Saturday, September 14, 2002

Tha baseball hung in the lights, turned ovoid by the spin from Barry Bonds' bat.

We went down to QualComm stadium last night to watch our Giants play the San Diego Padres, who are good at taking a beating. Of course, the Giants won, but the real highlight of the game occurred just after we arrived, having screamed down Interstate 5, past the border checkpoint, and pulling into the parking lot just after the first inning.

Whenever I go to a ballgame, I look at my seats and gauge the possiblity that I'll be able to catch a foul ball at the game. Sometimes you're sitting behind the screen behind home plate and there's just no chance. Sometimes you're under an overhang and the only way a ball could find its way up to you would be if it bounced off some poor unfortunate's head.

This time, our seats were on the third base line, the very first row of the loge level. That's the level right above field level. Great seats. We had the first row, which seemed to be the result of some clerical error. We were asked for our ticket stubs by ushers about four separate times, and when I asked about it one of them said that they don't sell the first row for safety reasons. We were sitting right behind the railing, and I guess I could see how some overexuberant fan could launch him/herself over the rail. You probably would't die falling from that height, but you'd at least break something. And the people you landed on probably wouldn't be too happy about it either.

So when we sat down in these seats, I thought "These are foul ball seats. I bet one comes over here." If you've gone to enough games and sat relatively close to home plate, you've seen a few fouls come your way. They always land in the next section, or a gang of kids swarms the area before you can even react. Sometimes, a lucky soul will make the catch, and get a cheer from the crowd. Sometimes, they'll miss dramatically, and the crowd will boo, good-naturedly of course. You look at the fan who made the catch, and think how they'll be boring people with that story for years to come. But the foul ball never comes right to you. It's always someone else.

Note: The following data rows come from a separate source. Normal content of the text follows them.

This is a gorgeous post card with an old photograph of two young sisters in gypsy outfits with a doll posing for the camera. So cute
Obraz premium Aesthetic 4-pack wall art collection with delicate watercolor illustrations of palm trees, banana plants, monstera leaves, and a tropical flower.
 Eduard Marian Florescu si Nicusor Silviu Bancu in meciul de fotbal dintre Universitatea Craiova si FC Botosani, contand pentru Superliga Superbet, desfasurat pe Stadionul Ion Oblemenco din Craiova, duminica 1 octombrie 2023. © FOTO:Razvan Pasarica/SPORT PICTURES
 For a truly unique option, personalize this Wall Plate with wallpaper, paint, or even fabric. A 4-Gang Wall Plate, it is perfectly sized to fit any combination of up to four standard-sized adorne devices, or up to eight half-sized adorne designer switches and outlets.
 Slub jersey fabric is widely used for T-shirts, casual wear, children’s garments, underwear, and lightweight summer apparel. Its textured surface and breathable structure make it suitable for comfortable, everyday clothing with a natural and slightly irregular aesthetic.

The ball came off Barry Bonds' bat and shot up into the night sky. It was high, but not too high. When a foul comes toward you like that, you can see the distortion of the ball, from the spin and the impact of the bat. It gets sort of ovoid. This ball was doing that. It looked like it was going to land about five sections to our left, but then the spin kicked in and it started to bend back towards us. Moments like that later seem to have happed in stop-motion. I don't know if that's the result of growing up watching TV and movies, where grand moments are beamed at you in slow-mo, letting you see all the angles, the looks on the faces of the crowd as they spill their beer, the reflection of the ball in the eyes of a little kid at his first game.

But you couldn't argue about it now. The ball was coming for me. Right at me in a bending arc. And it was coming pretty fast.

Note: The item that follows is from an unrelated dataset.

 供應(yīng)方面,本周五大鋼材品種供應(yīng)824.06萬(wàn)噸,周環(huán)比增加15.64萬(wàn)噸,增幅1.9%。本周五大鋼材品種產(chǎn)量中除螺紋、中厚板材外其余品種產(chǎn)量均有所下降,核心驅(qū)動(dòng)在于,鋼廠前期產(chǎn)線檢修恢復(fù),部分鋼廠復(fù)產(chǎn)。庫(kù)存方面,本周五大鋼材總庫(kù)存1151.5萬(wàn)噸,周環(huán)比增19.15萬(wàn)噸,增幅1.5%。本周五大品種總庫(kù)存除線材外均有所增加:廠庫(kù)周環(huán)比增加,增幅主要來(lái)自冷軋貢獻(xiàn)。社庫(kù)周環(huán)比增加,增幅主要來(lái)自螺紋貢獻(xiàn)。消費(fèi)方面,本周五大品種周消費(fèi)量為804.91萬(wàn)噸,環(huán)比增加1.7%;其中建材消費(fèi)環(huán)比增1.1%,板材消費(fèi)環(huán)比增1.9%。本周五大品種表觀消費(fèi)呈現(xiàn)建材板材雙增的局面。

I was there with my wife and a friend from work, another displaced Bay Area Giants fan. My wife had a full beer in her hand, and my friend had both a beer and a sandwich in his hands. These beers cost $7.25, so you're loath to spill them. I had secured my beer under the seat with Bonds coming to the plate. A left handed batter, and the Big Star. Bonds is larger than life. A man among boys. He is baseball, in a lot of ways. The arrogant star for whom everything is so easy.

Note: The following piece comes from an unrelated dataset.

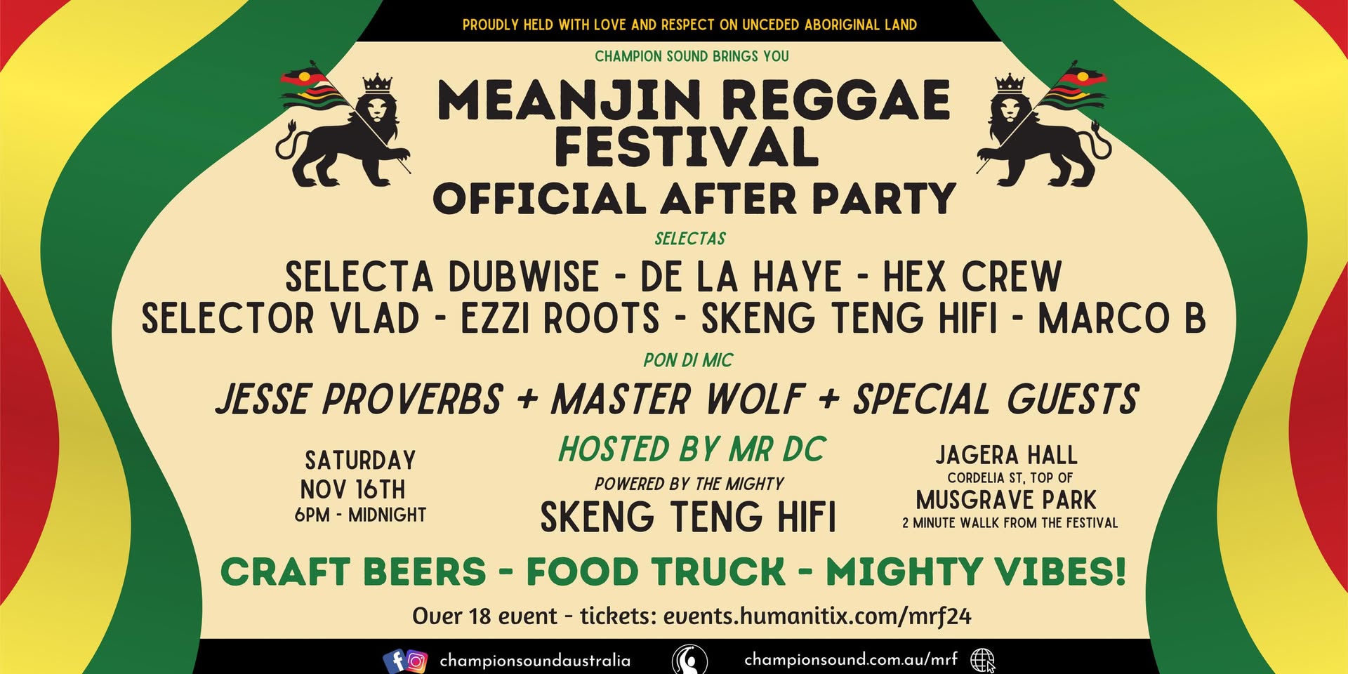 This is the official after party for the Meanjin Reggae Festival 2024. Solid vibes from start to finish! The after party continues the sound system theme of the festival, and is one of our main fundraising activities which helps us to put on the day’s event.

I got up from my seat and stepped to the railing.

It was weird because whenever you see foul balls on TV, there are maybe twenty people pushing each other out of the way to get a piece of it. But this was just me. I don't know if it was because we were the only people sitting in that first row, or because of the strange arc of the ball, making people think it wouldn't curve over to us, but no-one else even tried for it. My wife, I'm sure, was ducking. My friend didn't even react. I was right at the railing, thinking, "It'll come down on the field level. It can't make it up here."

And now it was coming down right into my hands. I put my hands out like I was catching a football. I didn't think about it. I figured I was leaning just enough out over the railing to get it. I didn't want to fall over and get hurt, after all.

All of a sudden I thought about the ball sitting on my desk at work. Or at home. People would see it and ask what the significance of the ball was. And I'd tell them how it was like winning the lottery. In a stadium with 25,000 other people, this ball was mine, as sure as if Rawlings had printed my name on it at the factory. People would hear the story and think how lucky I was, how they'd been going to games their whole lives and never had a chance like that. I wondered if I should get one of those glass dome things for it.

And then the ball was there.

I don't know if I even touched it. It went right through my hands, that's for sure. Bounced off the railing with a resounding clang and down onto field level as a chorus of boos began from the crowd.

I can't catch. I guess I have to accept that. Just for a minute, though, I thought I could be the guy on the highlight reel who leans out and makes the grab.

And maybe that minute was worth it, anyway.